Amazon is trying to make Alexa simpler and more intuitive for users through the use of a new large language model (LLM). During its annual hardware event Wednesday, Amazon demoed the generative-AI-powered Alexa that users can soon preview on Echo devices. But in all its talk of new features and a generative-AI-fueled future, Amazon barely acknowledged the longstanding elephant in the room: privacy.
Amazon’s devices event featured a new Echo Show 8, updated Ring devices, and new Fire TV sticks. But most interesting was a look at how the company is trying to navigate generative AI hype and the uncertainty around the future of voice assistants. Amazon said users will be able to start previewing Alexa’s new features via any Echo device, including the original, in a few weeks.
Alexa’s added features are enabled by a new LLM that Amazon says was fine-tuned for voice conversations and that uses algorithms for body language and intonation recognition. The company was clear that Alexa will focus on generative AI going forward. But the new features are in their early stages, Amazon noted, so bumps, bugs, and errors are expected at first.
“Alexa, can I finally stop saying Alexa?”
One development with an immediately noticeable impact is Alexa learning to listen without the user needing to say “Alexa” first.

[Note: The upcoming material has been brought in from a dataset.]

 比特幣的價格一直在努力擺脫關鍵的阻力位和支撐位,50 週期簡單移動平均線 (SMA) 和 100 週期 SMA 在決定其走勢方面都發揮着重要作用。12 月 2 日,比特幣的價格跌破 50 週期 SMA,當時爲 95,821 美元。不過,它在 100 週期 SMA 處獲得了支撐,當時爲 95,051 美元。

A device will be able to use its camera, a users’ pre-created visual ID, and a previous setup with Alexa to determine when someone is speaking to it.
In a demo, David Limp, SVP of devices and services at Amazon, was able to have a conversation with Alexa, step away for a moment, and then return to the device for further conversation without saying “Alexa” again.

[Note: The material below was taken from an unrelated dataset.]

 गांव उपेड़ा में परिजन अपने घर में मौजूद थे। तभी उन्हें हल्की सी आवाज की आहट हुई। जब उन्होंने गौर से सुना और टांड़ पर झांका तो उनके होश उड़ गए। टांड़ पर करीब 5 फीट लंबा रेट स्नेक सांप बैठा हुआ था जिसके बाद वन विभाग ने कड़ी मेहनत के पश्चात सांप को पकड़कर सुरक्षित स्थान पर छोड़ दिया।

“This is made possible by on-device visual processing and acoustic models working in concert trying to determine whether you’re addressing the device or someone else in the room,” Rohit Prasad, SVP and head AI scientist at Amazon, explained on-stage at Amazon’s event.
Amazon is also working to reduce Alexa’s time-to-response and to allow users to pause or use fillers like “um” without breaking the interaction. Prasad said Alexa can do this by using a massive conformer model with billions of parameters.
All this points to an Alexa that listens and watches with more intent than ever. But Amazon’s presentation didn’t detail any new privacy or security capabilities to make sure this new power isn’t used maliciously or in a way that users don’t agree with.
When reached for comment, an Amazon spokesperson noted previously established Alexa privacy features, including an indicator light on Echo devices that indicates Alexa is listening and letting users review and manage voice history.
The spokesperson added that Amazon uses “numerous tactics and features” to secure devices and customer data, including “rigorous security reviews during development, encryption to protect data, and regular software security updates,” and that Amazon will “continue to take steps to further harden” device security.
Looking to reduce the tedium of controlling multiple smart home devices, Amazon is also updating Alexa to simplify smart home commands. For example, Alexa could eventually know how to “turn on the new light in the living room,” even if you don’t know the official “name” of that smart bulb. Amazon also discussed the ability to control multiple devices and set up routines with a single sentence rather than having to say “Alexa” and a device name for each instruction. Other developments include getting Alexa to infer what you want, such as revving up the robovac when you tell it that the house is dirty. Such features, if reliable, would make voice control over smart devices significantly more appealing and intuitive. The features will be previewable “in the coming months,” Amazon said.